■ **What you should do**
Return the data below in full, matching every line exactly.
─── Exercise materials
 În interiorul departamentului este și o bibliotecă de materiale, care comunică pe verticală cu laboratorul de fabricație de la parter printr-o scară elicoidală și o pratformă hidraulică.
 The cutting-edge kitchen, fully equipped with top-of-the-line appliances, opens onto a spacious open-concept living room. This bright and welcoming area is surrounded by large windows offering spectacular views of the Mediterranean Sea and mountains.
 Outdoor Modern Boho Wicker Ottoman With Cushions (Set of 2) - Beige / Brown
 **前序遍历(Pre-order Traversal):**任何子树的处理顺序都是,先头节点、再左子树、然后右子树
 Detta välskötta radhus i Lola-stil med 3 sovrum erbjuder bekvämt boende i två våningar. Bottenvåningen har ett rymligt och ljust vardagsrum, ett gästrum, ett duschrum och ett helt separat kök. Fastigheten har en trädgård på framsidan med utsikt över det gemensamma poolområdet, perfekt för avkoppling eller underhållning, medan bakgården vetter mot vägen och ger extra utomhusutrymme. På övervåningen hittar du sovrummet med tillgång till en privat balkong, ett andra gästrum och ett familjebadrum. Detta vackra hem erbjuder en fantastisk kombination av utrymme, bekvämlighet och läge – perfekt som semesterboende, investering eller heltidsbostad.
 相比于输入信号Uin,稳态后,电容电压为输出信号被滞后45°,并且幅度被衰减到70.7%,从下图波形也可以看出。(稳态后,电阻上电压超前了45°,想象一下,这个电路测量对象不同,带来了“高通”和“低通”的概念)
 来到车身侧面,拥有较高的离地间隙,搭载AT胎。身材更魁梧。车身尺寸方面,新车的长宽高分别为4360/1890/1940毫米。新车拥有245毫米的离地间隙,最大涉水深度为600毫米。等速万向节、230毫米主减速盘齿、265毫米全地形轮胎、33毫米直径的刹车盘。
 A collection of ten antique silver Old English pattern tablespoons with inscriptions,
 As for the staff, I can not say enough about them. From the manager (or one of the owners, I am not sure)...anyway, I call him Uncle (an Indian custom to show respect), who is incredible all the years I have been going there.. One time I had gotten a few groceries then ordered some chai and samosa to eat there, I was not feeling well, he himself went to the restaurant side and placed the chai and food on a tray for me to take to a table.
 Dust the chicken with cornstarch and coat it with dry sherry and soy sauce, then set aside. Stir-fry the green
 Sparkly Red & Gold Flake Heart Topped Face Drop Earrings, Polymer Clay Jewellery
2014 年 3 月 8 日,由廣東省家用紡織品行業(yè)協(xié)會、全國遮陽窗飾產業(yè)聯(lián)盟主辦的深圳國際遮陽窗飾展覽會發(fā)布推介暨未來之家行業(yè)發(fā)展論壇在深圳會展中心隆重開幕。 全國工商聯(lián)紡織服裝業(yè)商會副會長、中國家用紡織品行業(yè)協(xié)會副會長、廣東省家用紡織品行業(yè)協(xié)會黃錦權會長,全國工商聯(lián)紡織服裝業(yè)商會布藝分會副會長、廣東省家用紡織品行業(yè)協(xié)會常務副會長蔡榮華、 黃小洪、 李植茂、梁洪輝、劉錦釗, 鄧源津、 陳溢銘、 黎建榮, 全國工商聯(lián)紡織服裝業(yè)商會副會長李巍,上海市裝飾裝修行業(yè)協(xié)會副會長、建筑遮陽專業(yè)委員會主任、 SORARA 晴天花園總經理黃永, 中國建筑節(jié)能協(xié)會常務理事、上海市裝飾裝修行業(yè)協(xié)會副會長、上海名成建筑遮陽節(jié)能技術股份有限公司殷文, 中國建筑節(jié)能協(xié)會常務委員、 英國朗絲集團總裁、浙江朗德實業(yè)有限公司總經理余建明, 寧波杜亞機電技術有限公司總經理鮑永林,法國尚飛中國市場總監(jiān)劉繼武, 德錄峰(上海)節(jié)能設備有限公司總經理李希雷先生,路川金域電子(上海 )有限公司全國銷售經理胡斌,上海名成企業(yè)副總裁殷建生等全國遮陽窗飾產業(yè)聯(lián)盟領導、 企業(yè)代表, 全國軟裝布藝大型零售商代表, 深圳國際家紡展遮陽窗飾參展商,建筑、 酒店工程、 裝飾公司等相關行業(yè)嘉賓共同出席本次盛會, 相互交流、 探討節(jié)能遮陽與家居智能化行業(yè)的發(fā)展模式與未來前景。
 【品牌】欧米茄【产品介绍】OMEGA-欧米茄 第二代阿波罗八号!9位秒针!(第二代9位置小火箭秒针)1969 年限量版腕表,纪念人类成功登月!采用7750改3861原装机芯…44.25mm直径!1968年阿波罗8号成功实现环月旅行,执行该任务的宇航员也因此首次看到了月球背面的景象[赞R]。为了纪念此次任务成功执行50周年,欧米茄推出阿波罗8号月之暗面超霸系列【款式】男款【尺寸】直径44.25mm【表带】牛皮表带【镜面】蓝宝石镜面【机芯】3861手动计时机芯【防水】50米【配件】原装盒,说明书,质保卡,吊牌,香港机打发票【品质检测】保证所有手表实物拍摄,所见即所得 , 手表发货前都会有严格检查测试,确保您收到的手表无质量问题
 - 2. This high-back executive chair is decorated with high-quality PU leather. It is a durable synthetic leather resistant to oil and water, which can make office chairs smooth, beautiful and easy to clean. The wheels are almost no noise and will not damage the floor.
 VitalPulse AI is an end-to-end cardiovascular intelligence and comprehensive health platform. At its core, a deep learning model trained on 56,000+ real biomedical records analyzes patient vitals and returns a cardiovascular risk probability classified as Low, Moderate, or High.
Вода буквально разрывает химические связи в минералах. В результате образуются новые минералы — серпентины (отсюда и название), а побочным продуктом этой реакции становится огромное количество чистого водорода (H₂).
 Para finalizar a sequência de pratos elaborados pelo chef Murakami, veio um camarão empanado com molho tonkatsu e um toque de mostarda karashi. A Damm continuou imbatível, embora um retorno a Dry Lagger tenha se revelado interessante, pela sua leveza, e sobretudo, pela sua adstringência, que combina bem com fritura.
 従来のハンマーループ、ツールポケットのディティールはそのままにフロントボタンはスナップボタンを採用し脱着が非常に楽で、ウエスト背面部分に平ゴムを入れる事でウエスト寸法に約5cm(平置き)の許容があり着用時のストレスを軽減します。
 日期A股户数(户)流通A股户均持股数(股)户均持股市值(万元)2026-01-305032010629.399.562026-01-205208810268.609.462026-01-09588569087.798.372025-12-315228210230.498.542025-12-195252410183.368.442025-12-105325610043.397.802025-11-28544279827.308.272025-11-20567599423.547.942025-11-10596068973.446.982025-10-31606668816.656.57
──────
■ **Output**
 În interiorul departamentului este și o bibliotecă de materiale, care comunică pe verticală cu laboratorul de fabricație de la parter printr-o scară elicoidală și o pratformă hidraulică.
 The cutting-edge kitchen, fully equipped with top-of-the-line appliances, opens onto a spacious open-concept living room. This bright and welcoming area is surrounded by large windows offering spectacular views of the Mediterranean Sea and mountains.
 Outdoor Modern Boho Wicker Ottoman With Cushions (Set of 2) - Beige / Brown
 **前序遍历(Pre-order Traversal):**任何子树的处理顺序都是,先头节点、再左子树、然后右子树
 Detta välskötta radhus i Lola-stil med 3 sovrum erbjuder bekvämt boende i två våningar. Bottenvåningen har ett rymligt och ljust vardagsrum, ett gästrum, ett duschrum och ett helt separat kök. Fastigheten har en trädgård på framsidan med utsikt över det gemensamma poolområdet, perfekt för avkoppling eller underhållning, medan bakgården vetter mot vägen och ger extra utomhusutrymme. På övervåningen hittar du sovrummet med tillgång till en privat balkong, ett andra gästrum och ett familjebadrum. Detta vackra hem erbjuder en fantastisk kombination av utrymme, bekvämlighet och läge – perfekt som semesterboende, investering eller heltidsbostad.
 相比于输入信号Uin,稳态后,电容电压为输出信号被滞后45°,并且幅度被衰减到70.7%,从下图波形也可以看出。(稳态后,电阻上电压超前了45°,想象一下,这个电路测量对象不同,带来了“高通”和“低通”的概念)
 来到车身侧面,拥有较高的离地间隙,搭载AT胎。身材更魁梧。车身尺寸方面,新车的长宽高分别为4360/1890/1940毫米。新车拥有245毫米的离地间隙,最大涉水深度为600毫米。等速万向节、230毫米主减速盘齿、265毫米全地形轮胎、33毫米直径的刹车盘。
 A collection of ten antique silver Old English pattern tablespoons with inscriptions,
 As for the staff, I can not say enough about them. From the manager (or one of the owners, I am not sure)...anyway, I call him Uncle (an Indian custom to show respect), who is incredible all the years I have been going there.. One time I had gotten a few groceries then ordered some chai and samosa to eat there, I was not feeling well, he himself went to the restaurant side and placed the chai and food on a tray for me to take to a table.
 Dust the chicken with cornstarch and coat it with dry sherry and soy sauce, then set aside. Stir-fry the green
 Sparkly Red & Gold Flake Heart Topped Face Drop Earrings, Polymer Clay Jewellery
2014 年 3 月 8 日,由廣東省家用紡織品行業(yè)協(xié)會、全國遮陽窗飾產業(yè)聯(lián)盟主辦的深圳國際遮陽窗飾展覽會發(fā)布推介暨未來之家行業(yè)發(fā)展論壇在深圳會展中心隆重開幕。 全國工商聯(lián)紡織服裝業(yè)商會副會長、中國家用紡織品行業(yè)協(xié)會副會長、廣東省家用紡織品行業(yè)協(xié)會黃錦權會長,全國工商聯(lián)紡織服裝業(yè)商會布藝分會副會長、廣東省家用紡織品行業(yè)協(xié)會常務副會長蔡榮華、 黃小洪、 李植茂、梁洪輝、劉錦釗, 鄧源津、 陳溢銘、 黎建榮, 全國工商聯(lián)紡織服裝業(yè)商會副會長李巍,上海市裝飾裝修行業(yè)協(xié)會副會長、建筑遮陽專業(yè)委員會主任、 SORARA 晴天花園總經理黃永, 中國建筑節(jié)能協(xié)會常務理事、上海市裝飾裝修行業(yè)協(xié)會副會長、上海名成建筑遮陽節(jié)能技術股份有限公司殷文, 中國建筑節(jié)能協(xié)會常務委員、 英國朗絲集團總裁、浙江朗德實業(yè)有限公司總經理余建明, 寧波杜亞機電技術有限公司總經理鮑永林,法國尚飛中國市場總監(jiān)劉繼武, 德錄峰(上海)節(jié)能設備有限公司總經理李希雷先生,路川金域電子(上海 )有限公司全國銷售經理胡斌,上海名成企業(yè)副總裁殷建生等全國遮陽窗飾產業(yè)聯(lián)盟領導、 企業(yè)代表, 全國軟裝布藝大型零售商代表, 深圳國際家紡展遮陽窗飾參展商,建筑、 酒店工程、 裝飾公司等相關行業(yè)嘉賓共同出席本次盛會, 相互交流、 探討節(jié)能遮陽與家居智能化行業(yè)的發(fā)展模式與未來前景。
 【品牌】欧米茄【产品介绍】OMEGA-欧米茄 第二代阿波罗八号!9位秒针!(第二代9位置小火箭秒针)1969 年限量版腕表,纪念人类成功登月!采用7750改3861原装机芯…44.25mm直径!1968年阿波罗8号成功实现环月旅行,执行该任务的宇航员也因此首次看到了月球背面的景象[赞R]。为了纪念此次任务成功执行50周年,欧米茄推出阿波罗8号月之暗面超霸系列【款式】男款【尺寸】直径44.25mm【表带】牛皮表带【镜面】蓝宝石镜面【机芯】3861手动计时机芯【防水】50米【配件】原装盒,说明书,质保卡,吊牌,香港机打发票【品质检测】保证所有手表实物拍摄,所见即所得 , 手表发货前都会有严格检查测试,确保您收到的手表无质量问题
 - 2. This high-back executive chair is decorated with high-quality PU leather. It is a durable synthetic leather resistant to oil and water, which can make office chairs smooth, beautiful and easy to clean. The wheels are almost no noise and will not damage the floor.
 VitalPulse AI is an end-to-end cardiovascular intelligence and comprehensive health platform. At its core, a deep learning model trained on 56,000+ real biomedical records analyzes patient vitals and returns a cardiovascular risk probability classified as Low, Moderate, or High.
Вода буквально разрывает химические связи в минералах. В результате образуются новые минералы — серпентины (отсюда и название), а побочным продуктом этой реакции становится огромное количество чистого водорода (H₂).
 Para finalizar a sequência de pratos elaborados pelo chef Murakami, veio um camarão empanado com molho tonkatsu e um toque de mostarda karashi. A Damm continuou imbatível, embora um retorno a Dry Lagger tenha se revelado interessante, pela sua leveza, e sobretudo, pela sua adstringência, que combina bem com fritura.
 従来のハンマーループ、ツールポケットのディティールはそのままにフロントボタンはスナップボタンを採用し脱着が非常に楽で、ウエスト背面部分に平ゴムを入れる事でウエスト寸法に約5cm(平置き)の許容があり着用時のストレスを軽減します。
 日期A股户数(户)流通A股户均持股数(股)户均持股市值(万元)2026-01-305032010629.399.562026-01-205208810268.609.462026-01-09588569087.798.372025-12-315228210230.498.542025-12-195252410183.368.442025-12-105325610043.397.802025-11-28544279827.308.272025-11-20567599423.547.942025-11-10596068973.446.982025-10-31606668816.656.57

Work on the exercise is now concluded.